TASK OBJECTIVE
In your output, repeat each entry exactly and include no pictures.

DATA

__________

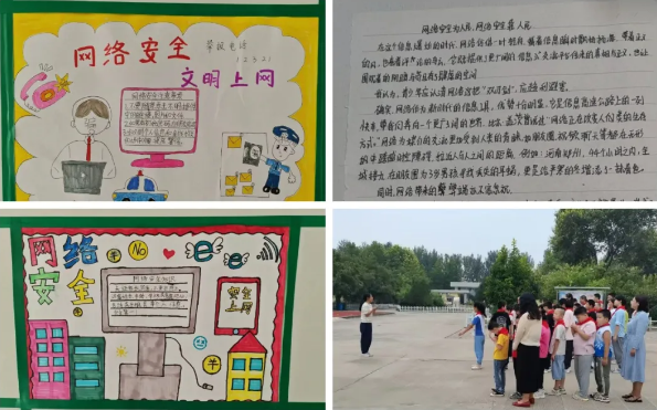 学生们通过绘制手抄报、开展国旗下讲话,进一步认识到网络是把“双刃剑”,在日常上网中注意防范病毒传播、网络诈骗、有害信息蔓延、个人信息泄漏、网络游戏成瘾等带来的危害。
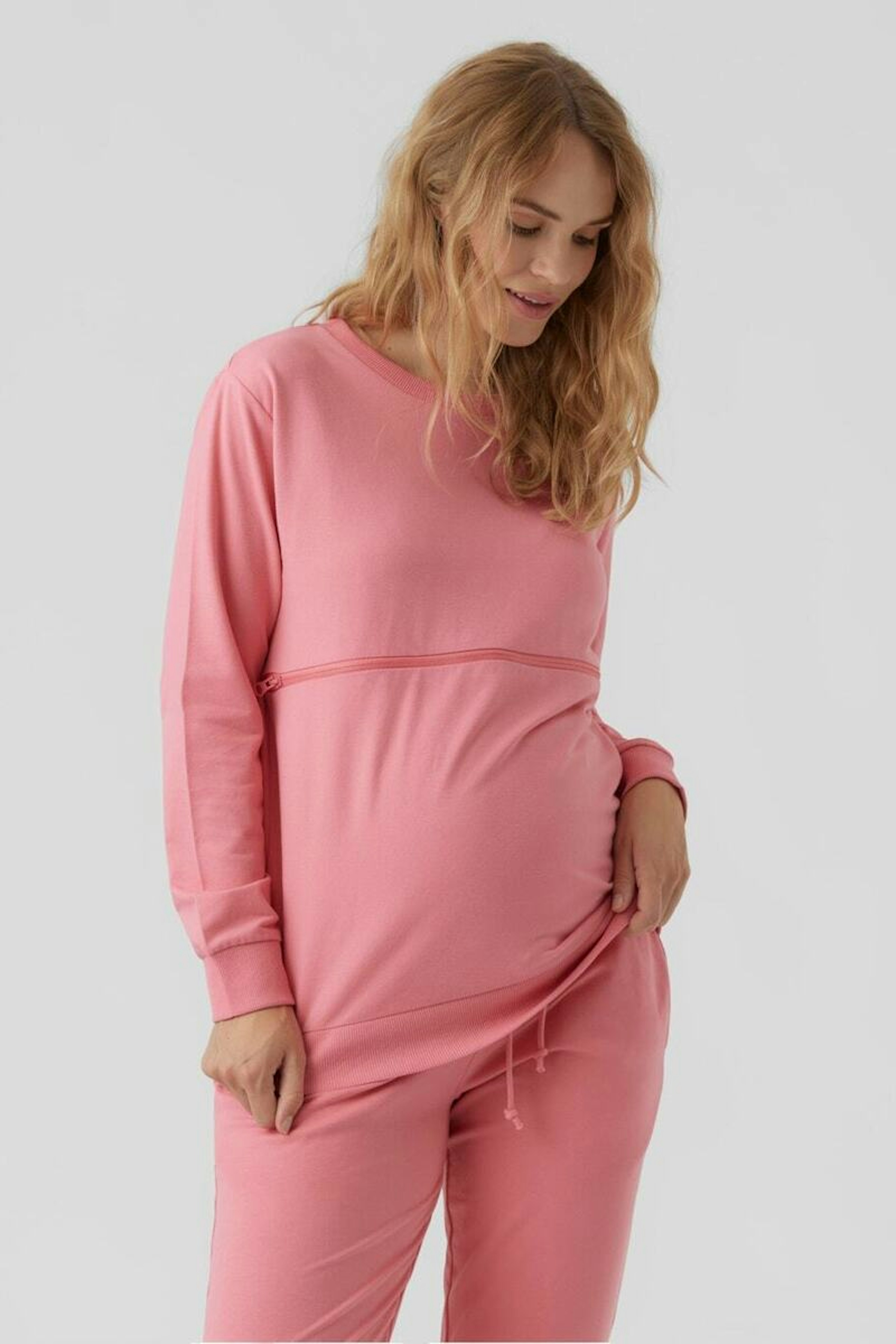 โข Sweat de grossesse rose fluo โข Partie amovible pour allaiter facilement โข Col rond โข Contient du polyester recyclรฉ
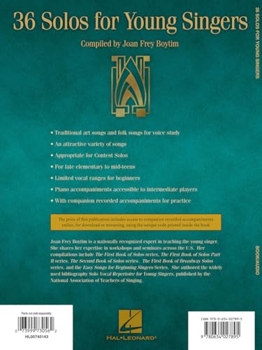36 Solos for Young Singers – Vocal Sheet Music Collection Explore a wide variety of traditional, folk, and classical songs with 36 Solos for Young Singers, thoughtfully arranged by Joan Frey Boytim. This comprehensive vocal sheet music book is ideal for late-elementary to mid-teen singers, featuring accessible solos perfect for contests, auditions, and classroom performances. Intermediate-level piano accompaniments ensure students can perform confidently. The included online audio provides professionally recorded accompaniments, allowing young singers to practice anywhere. With the PLAYBACK+ feature, users can slow down tracks, set loop points, and change keys to suit their learning pace. Whether you’re a teacher seeking a valuable music teacher resource or looking for a gift for pianists and vocalists, this Hal Leonard songbook is an essential addition to any collection. Songs Included: April Fool * The Blue Bells of Scotland * Country Gardens * Cradle Song (Mozart) * Cuckoo * Dandelions Gold and Green * The Desperado * MacNamara’s Band * Old King Cole * The Quest * Red River Valley * Sidewalks of New York * Sweet and Low * Toyland * Home on the Range * Skip to My Lou * The Weather * Cradle Song (Schubert) * Softly Sleeping * Tell Me Why * Peace of the River * I Know Where I’m Goin’ * He’s Got the Whole World in His Hands * Down in My Heart * Longing for Spring (Mozart) * Old Dog Tray * Spinning Song * The Glendy Burk * Some Folks * Sit Down, Sister * The Sea Breeze * Sweet and Low * The Keys of Heaven * Dancing * The Band Played On *
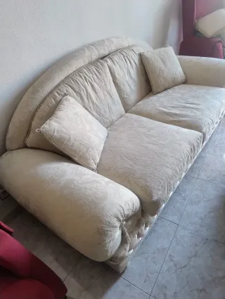 Cómodo sofá de dos o tres plazas, perfecto para tu salón. Es muy cómodo. - Tapicería de tela. - Color beige. - Muy bien estado.
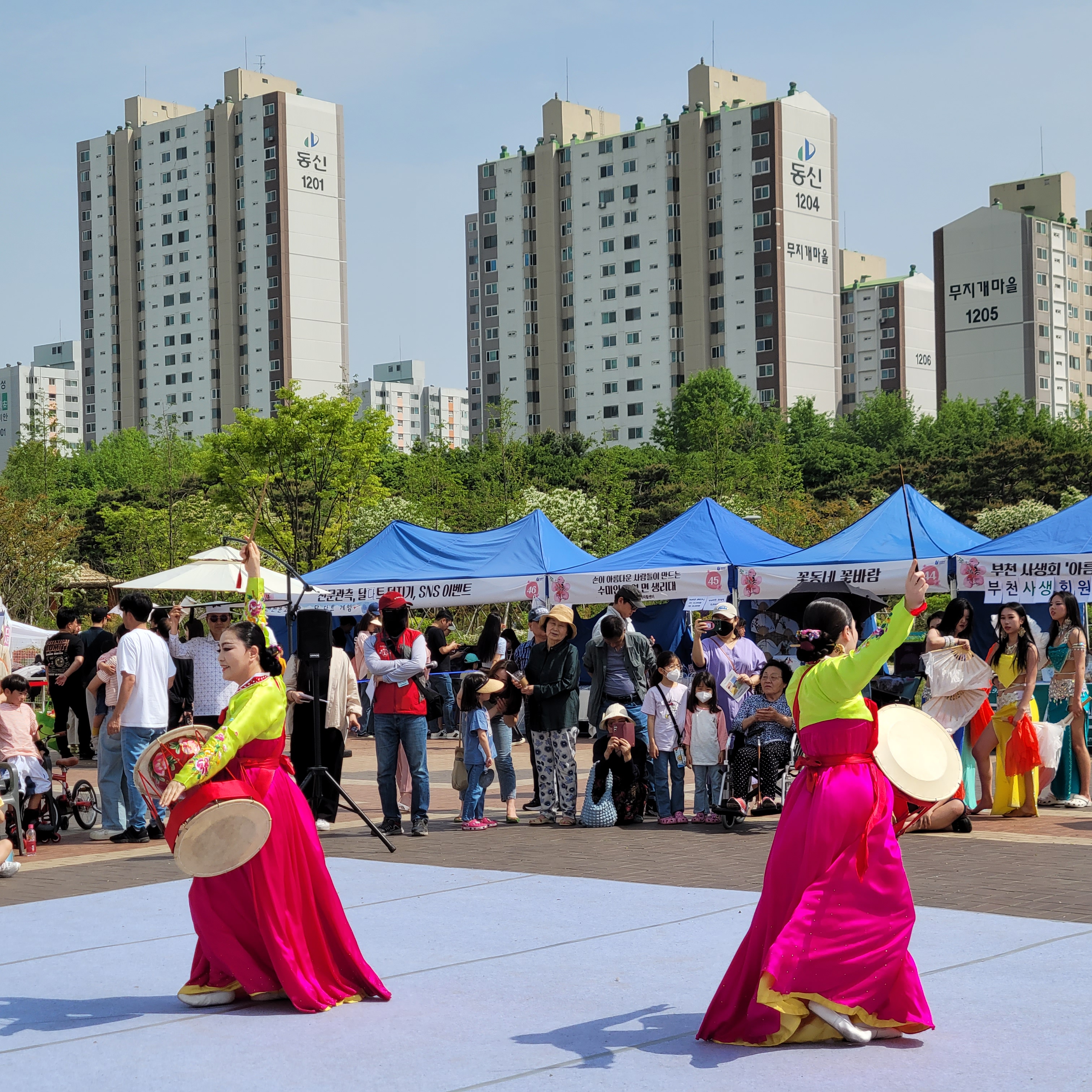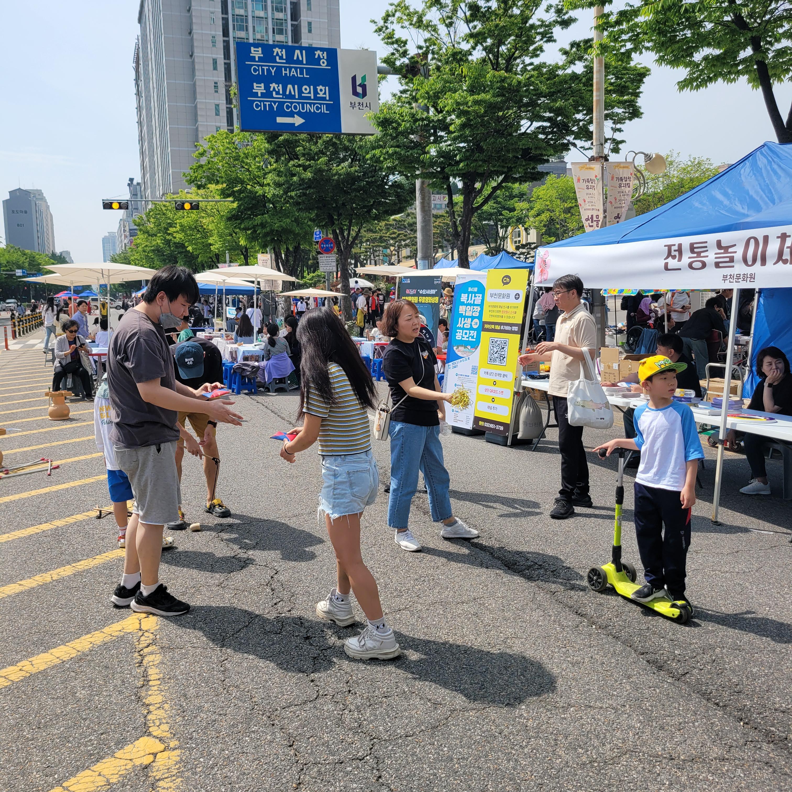 공연 체험행사들과 토요나눔장터가 열리고 있있고 부천중앙공원 일대에도 각종

__________

EXERCISE ANSWER
 学生们通过绘制手抄报、开展国旗下讲话,进一步认识到网络是把“双刃剑”,在日常上网中注意防范病毒传播、网络诈骗、有害信息蔓延、个人信息泄漏、网络游戏成瘾等带来的危害。
 โข Sweat de grossesse rose fluo โข Partie amovible pour allaiter facilement โข Col rond โข Contient du polyester recyclรฉ
36 Solos for Young Singers – Vocal Sheet Music Collection Explore a wide variety of traditional, folk, and classical songs with 36 Solos for Young Singers, thoughtfully arranged by Joan Frey Boytim. This comprehensive vocal sheet music book is ideal for late-elementary to mid-teen singers, featuring accessible solos perfect for contests, auditions, and classroom performances. Intermediate-level piano accompaniments ensure students can perform confidently. The included online audio provides professionally recorded accompaniments, allowing young singers to practice anywhere. With the PLAYBACK+ feature, users can slow down tracks, set loop points, and change keys to suit their learning pace. Whether you’re a teacher seeking a valuable music teacher resource or looking for a gift for pianists and vocalists, this Hal Leonard songbook is an essential addition to any collection. Songs Included: April Fool * The Blue Bells of Scotland * Country Gardens * Cradle Song (Mozart) * Cuckoo * Dandelions Gold and Green * The Desperado * MacNamara’s Band * Old King Cole * The Quest * Red River Valley * Sidewalks of New York * Sweet and Low * Toyland * Home on the Range * Skip to My Lou * The Weather * Cradle Song (Schubert) * Softly Sleeping * Tell Me Why * Peace of the River * I Know Where I’m Goin’ * He’s Got the Whole World in His Hands * Down in My Heart * Longing for Spring (Mozart) * Old Dog Tray * Spinning Song * The Glendy Burk * Some Folks * Sit Down, Sister * The Sea Breeze * Sweet and Low * The Keys of Heaven * Dancing * The Band Played On *
 Cómodo sofá de dos o tres plazas, perfecto para tu salón. Es muy cómodo. - Tapicería de tela. - Color beige. - Muy bien estado.
 공연 체험행사들과 토요나눔장터가 열리고 있있고 부천중앙공원 일대에도 각종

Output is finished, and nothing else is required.